> _Task directions_
Exactly reproduce the lines of the listing below from the one containing "河南大学现代物流研究院成功入选2025年中国智库 综合评价(AMI)入库名单" through the one containing "数据显示,我国变压器行业企业". Skip the images.

> _Input data_
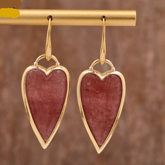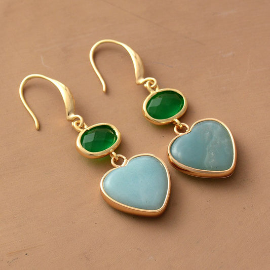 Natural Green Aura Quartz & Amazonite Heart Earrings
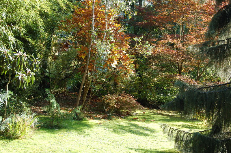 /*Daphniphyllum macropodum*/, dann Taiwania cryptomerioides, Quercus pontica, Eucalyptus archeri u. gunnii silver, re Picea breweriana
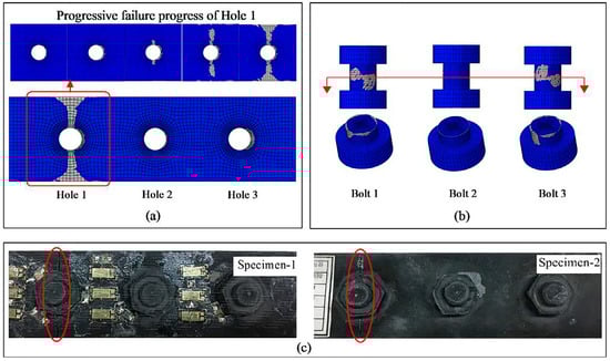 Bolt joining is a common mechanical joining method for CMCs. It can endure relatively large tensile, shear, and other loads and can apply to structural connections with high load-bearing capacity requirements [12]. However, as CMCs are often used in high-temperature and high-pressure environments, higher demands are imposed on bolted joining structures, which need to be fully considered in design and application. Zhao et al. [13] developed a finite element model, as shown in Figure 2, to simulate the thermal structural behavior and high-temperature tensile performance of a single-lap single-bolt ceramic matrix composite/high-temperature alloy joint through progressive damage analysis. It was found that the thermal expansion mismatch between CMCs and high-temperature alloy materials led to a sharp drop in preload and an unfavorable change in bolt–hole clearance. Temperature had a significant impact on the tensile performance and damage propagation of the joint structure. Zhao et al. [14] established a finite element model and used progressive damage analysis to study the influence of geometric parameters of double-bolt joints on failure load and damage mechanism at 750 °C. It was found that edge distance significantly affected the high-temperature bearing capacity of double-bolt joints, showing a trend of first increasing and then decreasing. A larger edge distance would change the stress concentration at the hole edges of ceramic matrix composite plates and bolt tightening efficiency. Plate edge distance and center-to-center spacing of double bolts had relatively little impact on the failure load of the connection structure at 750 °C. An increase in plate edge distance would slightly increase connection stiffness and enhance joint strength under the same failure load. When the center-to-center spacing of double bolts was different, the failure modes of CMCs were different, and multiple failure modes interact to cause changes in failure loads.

...

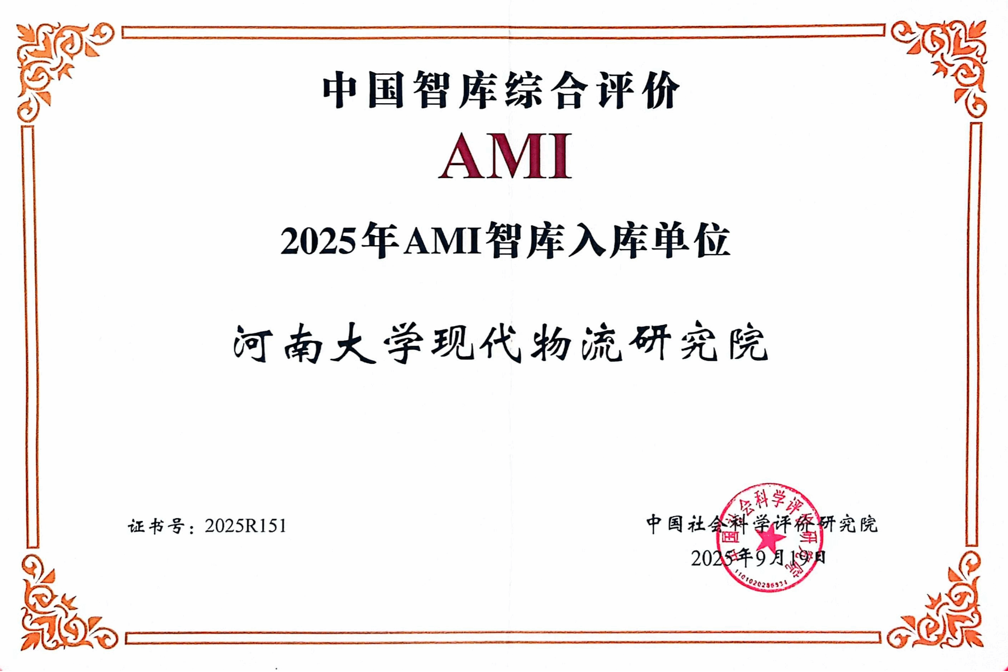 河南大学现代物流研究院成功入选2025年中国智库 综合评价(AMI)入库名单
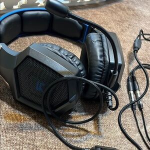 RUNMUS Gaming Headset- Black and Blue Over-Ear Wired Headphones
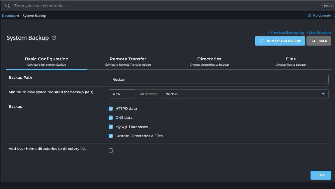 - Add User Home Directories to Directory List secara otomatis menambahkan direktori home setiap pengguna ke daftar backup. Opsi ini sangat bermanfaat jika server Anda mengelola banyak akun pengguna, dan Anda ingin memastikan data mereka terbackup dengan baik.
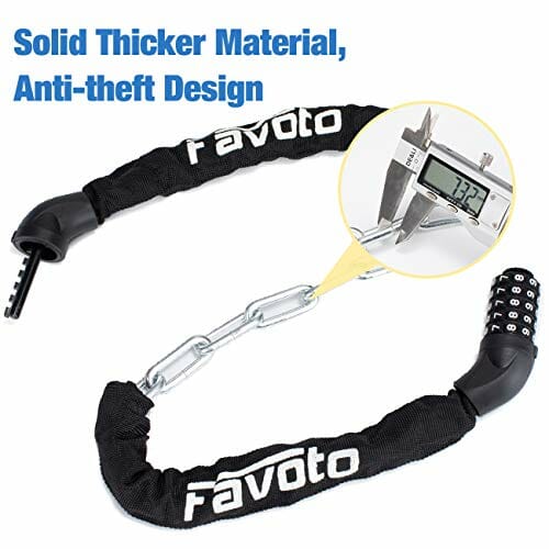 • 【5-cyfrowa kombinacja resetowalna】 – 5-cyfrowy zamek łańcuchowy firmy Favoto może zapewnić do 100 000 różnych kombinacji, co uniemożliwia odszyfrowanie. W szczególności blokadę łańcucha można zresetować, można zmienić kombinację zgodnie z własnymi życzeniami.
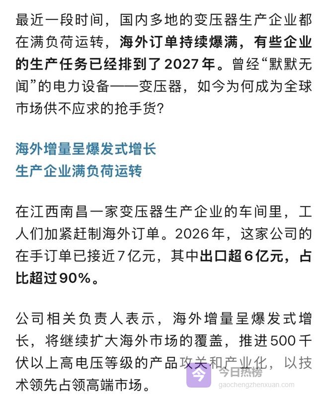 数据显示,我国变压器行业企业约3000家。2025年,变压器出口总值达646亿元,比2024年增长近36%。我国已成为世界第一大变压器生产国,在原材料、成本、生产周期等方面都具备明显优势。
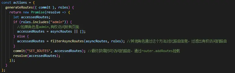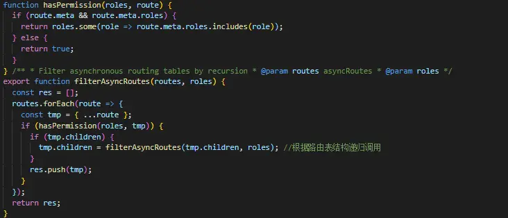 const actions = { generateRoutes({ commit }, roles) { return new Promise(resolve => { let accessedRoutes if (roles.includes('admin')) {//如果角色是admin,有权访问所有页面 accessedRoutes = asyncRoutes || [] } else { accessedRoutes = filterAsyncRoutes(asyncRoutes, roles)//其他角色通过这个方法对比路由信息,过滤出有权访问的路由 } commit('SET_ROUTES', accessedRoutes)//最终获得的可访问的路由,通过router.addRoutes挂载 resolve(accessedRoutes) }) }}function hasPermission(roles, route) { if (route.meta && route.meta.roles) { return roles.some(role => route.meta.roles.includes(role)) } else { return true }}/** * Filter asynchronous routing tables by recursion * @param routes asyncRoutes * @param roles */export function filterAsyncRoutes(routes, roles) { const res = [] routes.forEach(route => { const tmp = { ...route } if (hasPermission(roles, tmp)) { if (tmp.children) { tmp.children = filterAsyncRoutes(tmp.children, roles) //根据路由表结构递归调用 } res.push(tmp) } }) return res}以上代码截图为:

> _Task response_
 河南大学现代物流研究院成功入选2025年中国智库 综合评价(AMI)入库名单
 RUNMUS Gaming Headset- Black and Blue Over-Ear Wired Headphones
 - Add User Home Directories to Directory List secara otomatis menambahkan direktori home setiap pengguna ke daftar backup. Opsi ini sangat bermanfaat jika server Anda mengelola banyak akun pengguna, dan Anda ingin memastikan data mereka terbackup dengan baik.
 • 【5-cyfrowa kombinacja resetowalna】 – 5-cyfrowy zamek łańcuchowy firmy Favoto może zapewnić do 100 000 różnych kombinacji, co uniemożliwia odszyfrowanie. W szczególności blokadę łańcucha można zresetować, można zmienić kombinację zgodnie z własnymi życzeniami.
 数据显示,我国变压器行业企业约3000家。2025年,变压器出口总值达646亿元,比2024年增长近36%。我国已成为世界第一大变压器生产国,在原材料、成本、生产周期等方面都具备明显优势。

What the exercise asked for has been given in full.